Division of Basic Sciences, Fred Hutchinson Cancer Research Center, 1100 Fairview Avenue N, Seattle, WA 98109, USA.
J Cell Sci. 2014 Feb 1;127(Pt 3):509-20. doi: 10.1242/jcs.127829. Epub 2013 Nov 27.
Phosphorylation-dependent protein ubiquitylation and degradation provides an irreversible mechanism to terminate protein kinase signaling. Here, we report that mammary epithelial cells require cullin-5-RING-E3-ubiquitin-ligase complexes (Cul5-CRLs) to prevent transformation by a Src-Cas signaling pathway. Removal of Cul5 stimulates growth-factor-independent growth and migration, membrane dynamics and colony dysmorphogenesis, which are all dependent on the endogenous tyrosine kinase Src. Src is activated in Cul5-deficient cells, but Src activation alone is not sufficient to cause transformation. We found that Cul5 and Src together stimulate degradation of the Src substrate p130Cas (Crk-associated substrate). Phosphorylation stimulates Cas binding to the Cul5-CRL adaptor protein SOCS6 and consequent proteasome-dependent degradation. Cas is necessary for the transformation of Cul5-deficient cells. Either knockdown of SOCS6 or use of a degradation-resistant Cas mutant stimulates membrane ruffling, but not other aspects of transformation. Our results show that endogenous Cul5 suppresses epithelial cell transformation by several pathways, including inhibition of Src-Cas-induced ruffling through SOCS6.

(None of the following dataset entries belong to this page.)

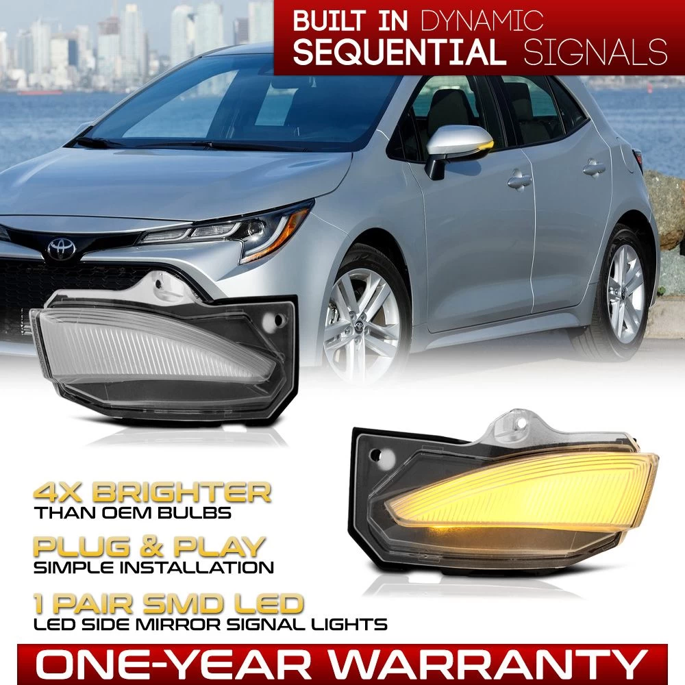 Sequential LED Side Mirror Turn Signal Lamps Set For 2019-2022 Toyota Corolla
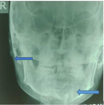 Figure 1: An anterior-posterior view of the jaw demonstrating a well circumscribed oval lucency with sclerotic margin over the crown and root of an unerupted tooth in the region of the body of the left hemi-mandible in keeping with the classical appearance of a circumferential form of dentigerous cyst (Left blue arrow).
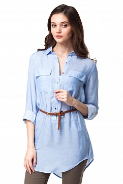 Удлиненная блуза свободного кроя из смешанных волокон вискозы и полиэстера, что обеспечивает не только комфорт, но и меньшую сминаемость ткани. Волокна двух оттенков синего создают эффект перелива "хамелеон". Спереди планка с золотыми пуговицами. Сзади от кокетки спинки отходит складка. На груди накладные карманы. Ремешок входит в стоимость изделия.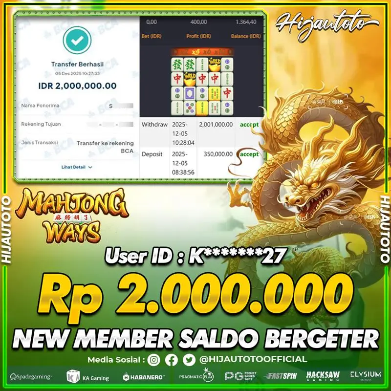Bergabung dengan HIJAUTOTO sangat mudah dan cepat. Cukup lakukan pendaftaran dengan data lengkap, lakukan deposit minimal Rp5.000 melalui berbagai metode termasuk QRIS, dan mulai bertaruh dengan minimal taruhan Rp100. Dapatkan juga bonus new member 100% untuk modal bermain lebih besar.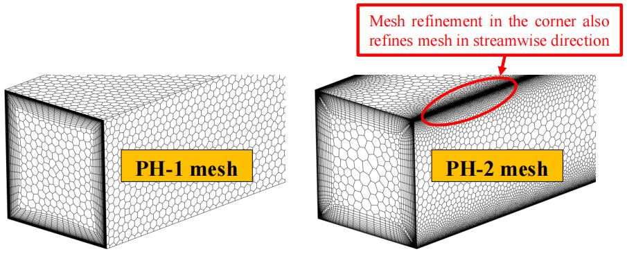 当激活转角流校正(Corner Flow Correction)或 EARSM 以计算转角处的二次流时,转角处的网格分辨率至关重要,尤其是非结构网格(四面体、多面体或笛卡尔网格)。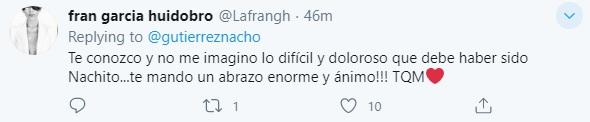 Fran García-Huidobro, amiga de Gutiérrez, le envió palabras de aliento a través de la misma vía. “Te conozco y no me imagino lo difícil y doloroso que debe haber sido Nachito...te mando un abrazo enorme y ánimo!!! TQM”, escribió la conductora de “Sigamos de Largo”.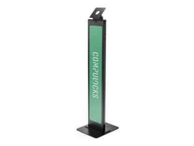 The Compulocks BrandMe stand provides a secure and stylish solution for displaying tablets with recommended sizes up to 24 inches. Made from durable metal, this stand is designed for floor placement and incorporates through-stand cable management for a clean setup. The stand features a 90° tilt adjustment, allowing for optimal viewing angles. Additionally, it is brandable, providing an opportunity to personalize the display for events or promotions. Included with the stand is a Lighting Kit to enhance visibility and showcase content attractively.

磷酸化依赖性蛋白泛素化和降解提供了一种终止蛋白激酶信号的不可逆机制。在这里,我们报告乳腺上皮细胞需要 Cullin-5-RING-E3-泛素连接酶复合物(Cul5-CRL)来防止Src-Cas 信号通路的转化。Cul5 的缺失会刺激生长因子非依赖性生长和迁移、膜动力学和集落形态异常发生,所有这些都依赖于内源性酪氨酸激酶Src。Cul5 缺陷细胞中Src 被激活,但Src 的单独激活不足以导致转化。我们发现Cul5 和 Src 一起刺激 Src 底物 p130Cas(Crk 相关底物)的降解。磷酸化刺激 Cas 与 Cul5-CRL 衔接蛋白 SOCS6 的结合,并随后进行蛋白酶体依赖性降解。Cas 是 Cul5 缺陷细胞转化所必需的。SOCS6 的敲低或使用降解抗性 Cas 突变体均能刺激细胞膜皱襞,但不能刺激其他转化方面。我们的结果表明,内源性 Cul5 通过多种途径抑制上皮细胞转化,包括通过 SOCS6 抑制 Src-Cas 诱导的皱襞。